Promoting self-reliance through work, as the President suggests with this language, is precisely what is needed to help individuals thrive. However, over the past four years the Administration’s policies have done anything but. Unfortunately, the President’s budget continues to build on the failed strategies of the past by pouring massive amounts of taxpayer dollars into a burgeoning number of means-tested welfare programs for the poor. Total government welfare spending now edges near $1 trillion annually and funds roughly 80 different means-tested welfare programs that provide cash, food, housing, medical care, and social services to low-income Americans. The President’s budget homes in on jobs programs, despite decades of funding similar types of programs.
The President does make an important point, however, by noting the crucial need to promote marriage by “addressing financial deterrents to marriage.” Far too many means-tested programs include marriage penalties, and marriage is eroding in many American communities, leaving children in poverty and inhibiting their ability to thrive. It is crucial to strengthen marriage in order to help families and communities prosper.

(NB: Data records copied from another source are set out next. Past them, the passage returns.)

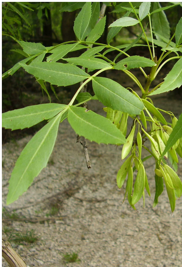
Hojas y frutos de Fraxinus angustifolia .

Frutos: las semillas maduran durante el verano (julio-septiembre), cubiertas por una sámara con forma de lengüeta, de color amarillo-atabacado, marrón, etc., tras la maduración.
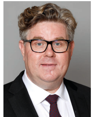
Gunnar Strömmer (M) Justitieminister Justitiedepartementet
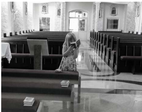
Deti sa potrebujú oboznamovať s liturgickým priestorom.

Do kostola chodí všeobecne málo detí. Tie, ktoré prídu, prichádzajú s rodičmi. Účasť na svätých omšiach sa u detí zvýši pred prvým svätým prijímaním a znova po ňom upadne, lebo prestane byť čímisi povinným, čo podmieňuje prijatie sviatosti Eucharistie. Sledujeme reálne túto situáciu, ale
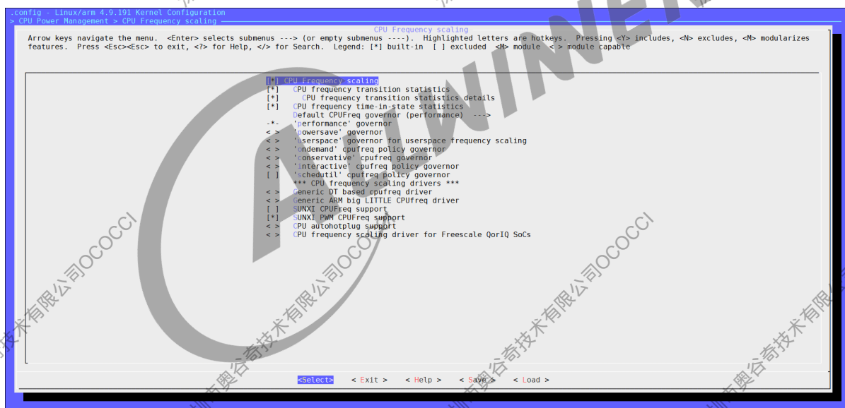
图 2-3: 配置图 3

对于 sun8iw18p1 这个没有使用标准 pwm regulator 驱动的平台：
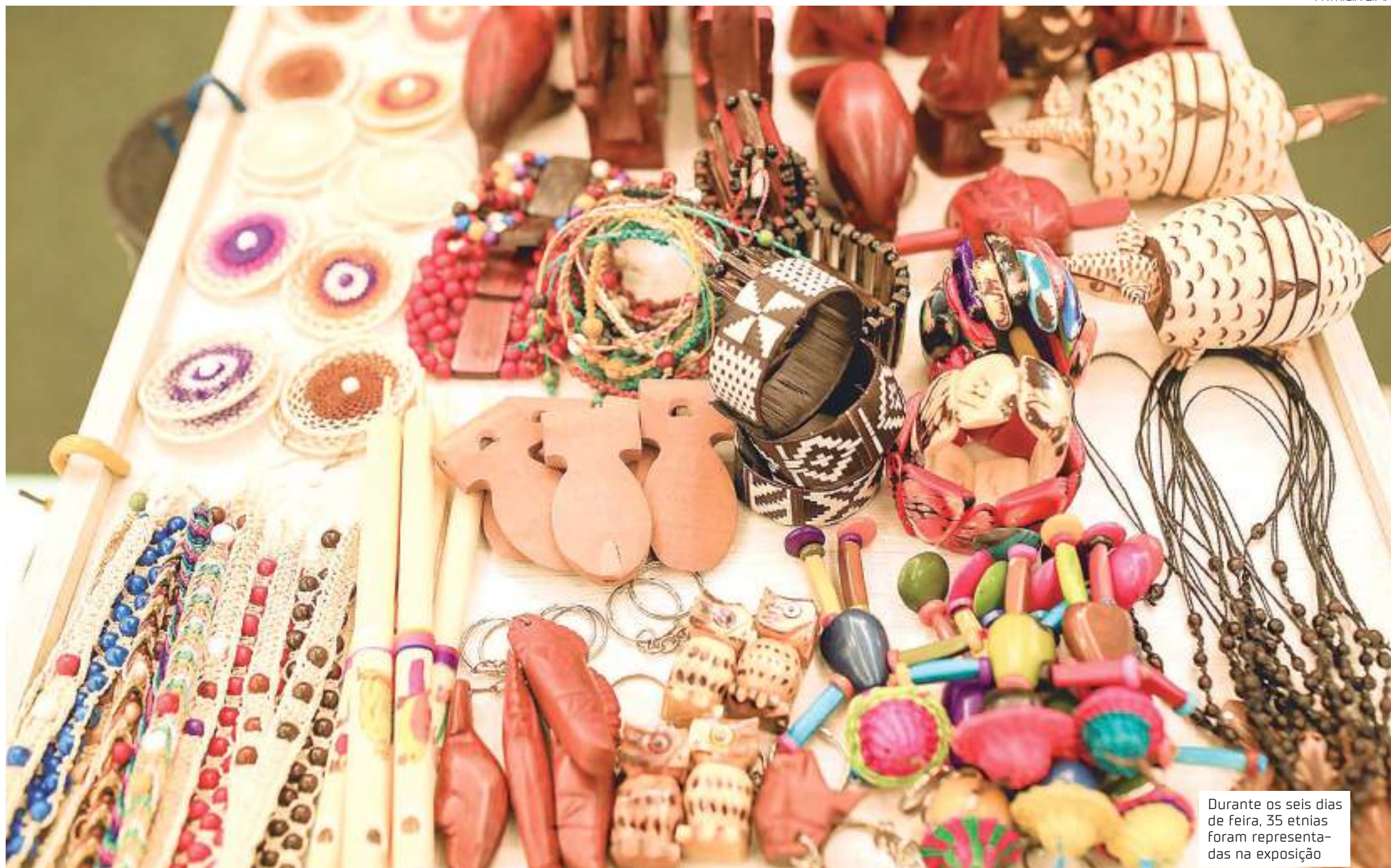
Durante os seis dias de feira, 35 etnias foram representadas na exposição

Ao menos 20 artesãos que produzem itens indígenas puderam participar da oportunidade de comercializar seus artigos
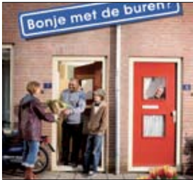
Buurtbemiddeling Beuningen en Druten > Leefbaarheid: p.3
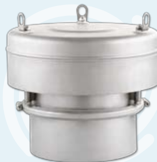
▶ Silo-Ex-Implo SEI
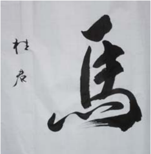
著名书法家王桂君作品。
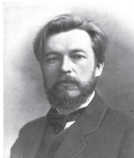
Из биографии В.Я. Шишкова (1873–1945):

Изыскания 1913–1914 годов кредитовали за счет средств, отпущенных на изыскания Сибирской железной дороги.
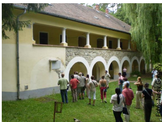
Az üresem álló kácsi gyógyfürdő

A program és végkicsengése valóban gondolatébresztő volt, hiszen a fent végigjárt kérdéskört más vetületben másképp is láthattuk: Hogyan viszonyul a társadalom a műemlékvédelemhez? Ezzel kapcsolatban az előadások nyomán kérdések sorát lehetett feltenni: Kié a műemlék? – a mai tulajdonosé, aki egy sokszázéves épülettel bármit tehet? Egyáltalán mi műemlék? A konferenciát az Olajos Csaba szervezte kirándulás nagyszerű szemléltetéssel egészítette ki.
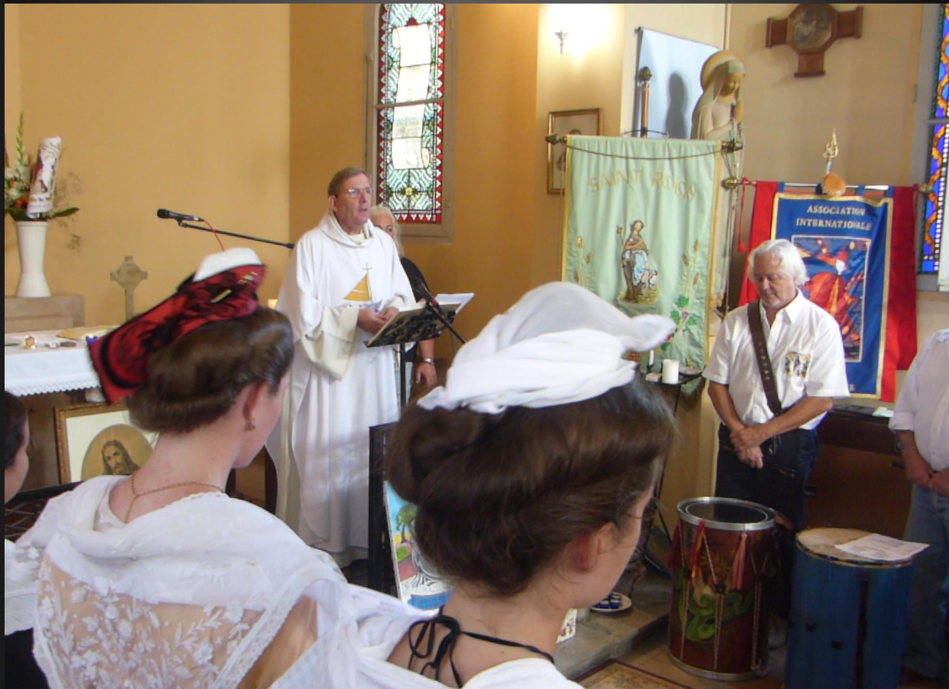
LI PALUN _ Lecture de l'Évangile de Jésus-Christ selon saint Matthieu 16,21-27.
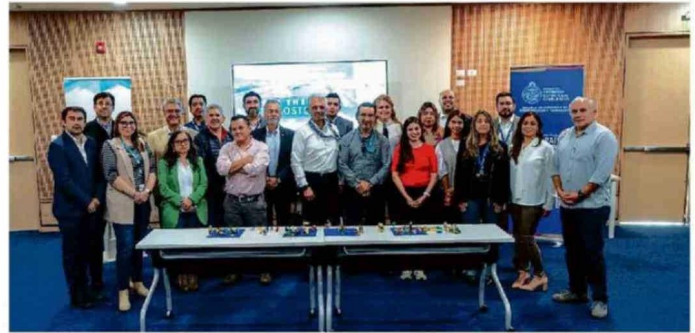
LOS PARTICIPANTES DEL TALLER REALIZADO EN EL EDIFICIO DE PUERTO SAN ANTONIO.

La ejecutiva agregó que "este taller busca levantar desafíos que formarán parte del Congreso que se realizará en San Antonio. Es clave incorporar miradas distintas, incluso de quienes no pertenecen directamente al sector portuario, porque enriquecen la discusión y potencian la creatividad para el desarrollo del territorio".

Overall, the President’s budget continues to pour more dollars into the same failed welfare system of the past five decades. The President should focus on getting ever-burgeoning welfare spending under control. Additionally, he should support welfare policies that truly encourage work and self-sufficiency, such as those that undergirded the 1996 welfare reform. Finally, leaders at every level of society should seek to strengthen marriage—the bedrock of society—to promote greater prosperity for today’s and future generations.
Growing Spending and Federal Intervention in Education
The President’s budget increases spending at the Department of Education by 4.6 percent over 2012 levels.
Federal education spending has increased significantly since President Jimmy Carter established the Department of Education in 1979. Since then, agency funding has more than doubled, with spending growing dramatically under the Obama Administration. Today, the Education Department has the third-largest discretionary budget of any federal agency, trailing only the Department of Defense and the Department of Health and Human Services. In 1980, the Department of Education’s budget was $11.6 billion (which equates to approximately $31.7 billion in constant 2012 dollars). By the time President Obama took office in 2009, the budget had increased to $67 billion (of which $41 billion was for elementary and secondary education). Today, the White House proposed further growing “Carter’s Bureaucratic Boondoggle” with a budget of $71.2 billion.
Nearly a half century of ever-increasing federal education spending and control has failed to improve academic outcomes. The bloated bureaucracy has added layer upon layer of red tape on states and school districts, requiring school leaders to demonstrate compliance with more than 150 federal education programs.
At a time when American taxpayers are calling for fiscal restraint in Washington, including restraint at the Department of Education, the budget creates a path to continued federal profligacy. This proposal worsens the existing bureaucratic maze of federal programs and further removes educational decision-making authority from state and local policymakers.
Massive New Government Preschool Initiative. The President has proposed a massive new Preschool for All initiative (allegedly offset by new taxes on tobacco products) to enroll all four-year-old children from low-income and middle-income families in government preschool programs. The budget proposes new federal spending to encourage states to enroll more four-year-olds in state preschool programs, and it creates new Early Head Start and child care partnerships to enroll infants and toddlers.
The White House’s new preschool proposal would add to the long list of existing federal early education and child care programs (there are currently 45 such federal programs, according to the Government Accountability Office.—despite little evidence of demand for such programs.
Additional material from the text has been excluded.